Walt Disney touched everyone in America who has lived in the 1950’s and beyond. I realized this week that Disney was foundational to my early life. I grew up with a television as a babysitter [two working parents]; and Walt Disney provided a lot of my entertainment. He also told me about my ‘history’—a white, conservative, ‘American Dream’ history. I think Disneyland was still new when my parents took me there, along with a million other white, conservative, American families. The Disney version of American history omitted “Manifest Destiny” and the genocide of the people who were here before the Europeans arrived, in Frontierland; ignored Slavery and Civil Rights in Fantasyland; and the Atomic Bomb in Tomorrowland; and all of the atrocities carried on by the real version of American history.

The Disney version of the world created some of the most enduring stories in American culture. Many today want to return to that world—one that really didn’t exist beyond parts of rural America. A vision of small town America that didn’t translate well into the urban environment. Geographically, America is mostly made up of rural towns; in terms of population, America is mostly made up of urban-dwellers. Cities where knowing your neighbor takes a lot of effort [more effort than I want to put out].

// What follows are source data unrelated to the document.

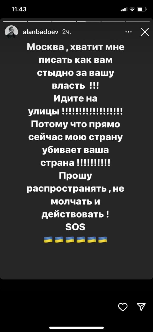В Инстаграм-сторис Алан Бадоев также призвал россиян выходить на улицы и протестовать против войны.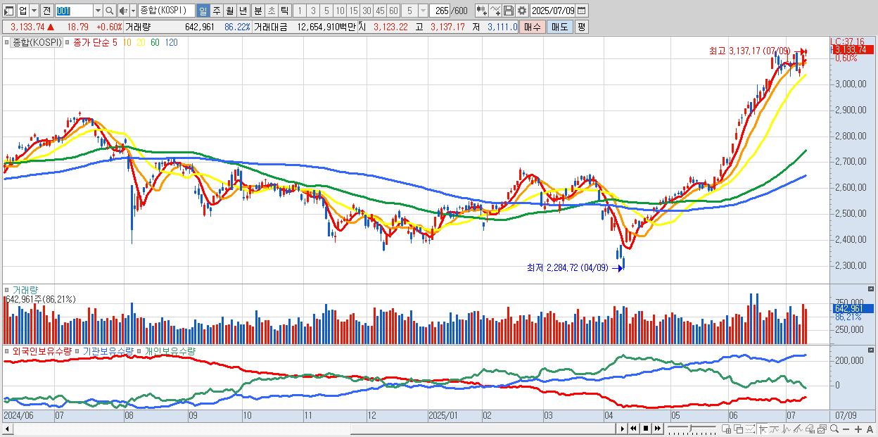 | 07/09 | 3,133.74 | ▲0.60% | 4,310억 | -4,105억 | -571억 | 366억 |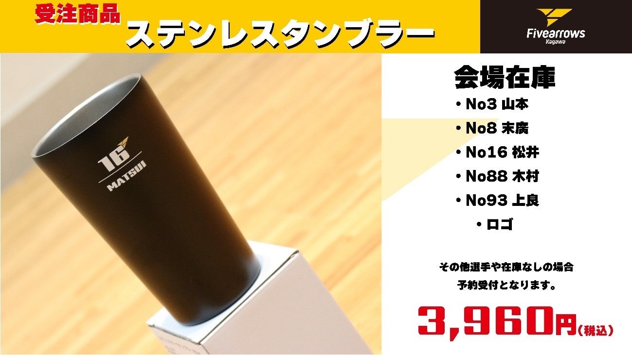 選手それぞれのネーム&ナンバーデザインがプリントされたアローズオリジナルタンブラーです!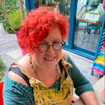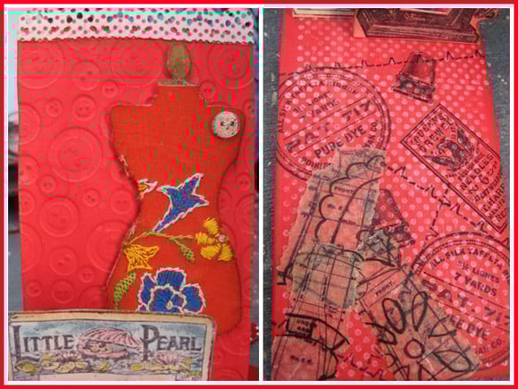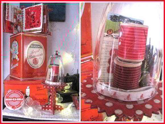 That apron died a few years ago and I made a new one, a red striped one, again with outletfabric from Oilily, reusing the Tim Holtz quotes fabric, fabric flowers made from the two previous aprons,...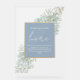 Commémorez ceux qui sont chers et regrettés avec ce panneau mémorial de mariage moderne et élégant. Avec un fond bleu poussiéreux apaisant, des fleurs sauvages bohèmes et des accents dorés, il mélange parfaitement le charme rustique et l'élégance vintage. Le message sincère, "Souhaiter que vous soyez ici", ajoute une touche poignante, ce qui en fait un hommage parfait pour votre jour spécial.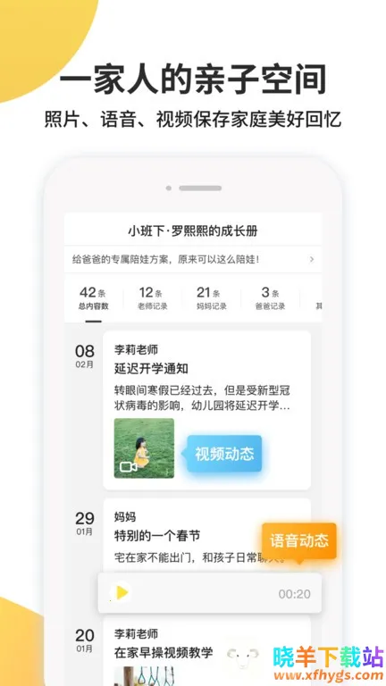 这款软件可以让教师与家长一同参与孩子的教育学习。通过它,能及时了解孩子在园在家的情况,实现教育同步与有效沟通,还能提供针对性教育方案,促进孩子成长。它根据3 - 6岁孩子发展特点,提供专业家庭陪伴计划,每周一个活动,涵盖人际交往、情绪管理、习惯养成等方面,全方位关注宝贝成长。而且信息安全可靠,无外部链接广告,私密性强,操作简单,初次使用也能快速上手。还能免费无限存储宝宝的照片、视频、语音,一键生成独一无二的成长册,值得家庭一生珍藏翻阅。有了它,就能轻松陪伴孩子长大,留下珍贵回忆啦。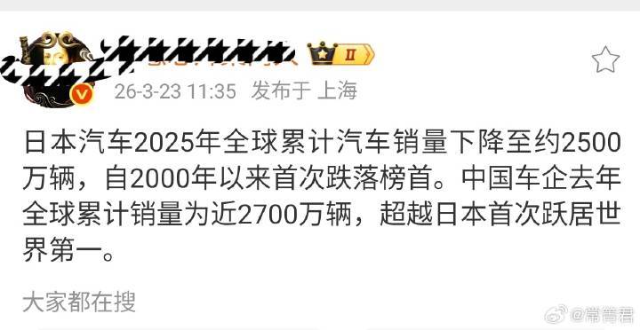 都在宣称中国汽车销量超过日本汽车。有个逻辑疑问❓想不明白。世界汽车消费大国第一的美国市场进不去,日本市场虽然能进,但日本人的消费习惯显然还极少极少接纳中国车,实在想不明白这两千七百万辆车都卖给了谁?具体各国的数据有没有?谁来解释解释? 汽车资讯 汽车 新能源汽车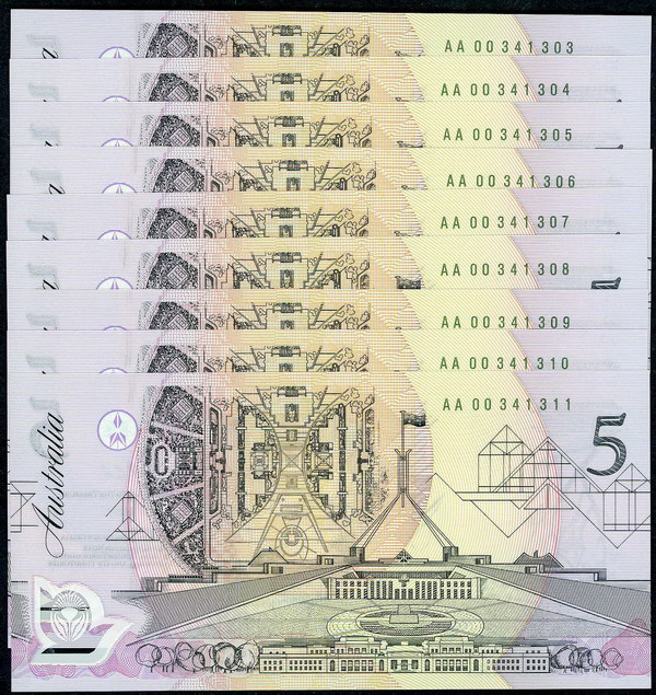 | Description: Ten Dollar. 1998 polymer MacFarlane-Evans AA 98 (R 318cF). First Year prefix. Consecutive run of 5. Catalogues at $500. UNC |

In spite of all of his cultural shortcomings [against the advice of the NAACP, Disney’s Song of the South was filled with ‘darkies singing happy songs;’ and premiered in Atlanta, where the story’s hero, ‘Uncle Remus’ was not allowed into the all-white theater], the truths his stories tell told remain true: if you live for others, you’ll find a reason for your life.

Audrey p22-23From an unpublished biography of Audrey Hepburn

Audrey Hepburn was a sensation in Hollywood in her day. Surviving privation in Belgium during World War II, she emigrated to the UK to study ballet. Life being what it is, she instead became an actress, a virtual ‘overnight success’ after her role in Roman Holiday, opposite Gregory Peck. After she retired from movies, she devoted her life to UNICEF. My guess is that her impact as UNICEF’s ambassador far outweighed her career as an actress. Her life had taught her that her life was not about her.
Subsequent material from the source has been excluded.